The filibuster mentioned in Toulmin’s letter to Madison was a young lawyer named Joseph Pulaski Kennedy. He indeed joined a private invasion of West Florida in 1810, which precipitated Madison’s assertion of American authority over the region, in effect, dragging the U.S. into an action that it may not have done on its own. He was, as we will see, one of the many men who later joined the Gutiérrez-Magee Expedition into Texas. His background provided one road to Texas. It was not typical, for while there were some themes that stand out, there was no such thing as a typical member of the expedition, and no such thing as a typical road.

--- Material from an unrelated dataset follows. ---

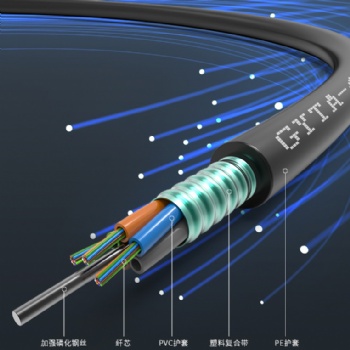 GYTA 光缆的结构是将 250μm 光纤套入高模量材料制成的松套管中,松套管内填充防水化合物。缆芯的中心是一根金属加强芯,对于某些芯数的光缆来说,金..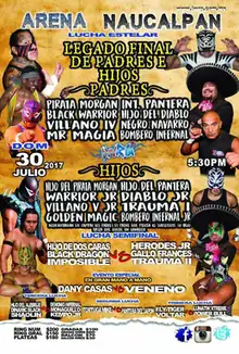 professional wrestling has been a generational tradition in Lucha libre since its inception early in the 20th century, with a great deal of second or third-generation wrestlers following in the footsteps of their fathers or mothers.[2] Several lucha libre promotions honor those traditions, often with annual tournaments such as Consejo Mundial de Lucha Libre's La Copa Junior.[3] The Naucalpan, State of Mexico based International Wrestling Revolution Group (IWRG) has held a Legado Final (Spanish for "Final Legacy") on an almost annual basis since 2011, with the 2017 show marking the sixth time they used the name. The Legado Final show, as well as the majority of the IWRG shows in general will be held in "Arena Naucalpan", owned by the promoters of IWRG. In addition to legitimate second-generation wrestlers there are a number of wrestlers who are presented as second or third-generation wrestlers, normally masked wrestlers promoted as "Juniors". These wrestlers normally pay a royalty or fee for the use of the name, using the name of an established star to get attention from fans and promoters.[2] Examples of such instances of fictional family relationships include Arturo Beristain, also known as El Hijo del Gladiador ("The Son of El Gladiador) who was not related to the original El Gladiador, or El Hijo de Cien Caras who paid Cien Caras for the rights to use the name.[4][5]

Signature of Joseph Pulaski Kennedy, from an 1814 letter

[1] Frederick Merk, Manifest Destiny and Mission in American History (New York: Alfred A. Knopf, 1963),7.
[2] Carlson, 149.
[3] Bernardo Gutiérrez, “Proclamation of José Bernardo Gutiérrez De Lara,” The Herald of Alexandria, Louisiana, August 31, 1813. Microfilm: Beinecke Library, Yale University; Microfilm copy on file at the Alamo Library, San Antonio, Tx. (accessed March 31, 2016).
[4] Harry Toulmin to James Madison, 28 July 1810, Founders Online, National Archives, [Original source: J. C. A. Stagg, Jeanne Kerr Cross, and Susan Holbrook Perdue, ed. The Papers of James Madison, Presidential Series, vol. 2, 1 October 1809–2 November 1810 (Charlottesville: University Press of Virginia, 1992), pp. 447–453.] (accessed Sep. 10, 2016).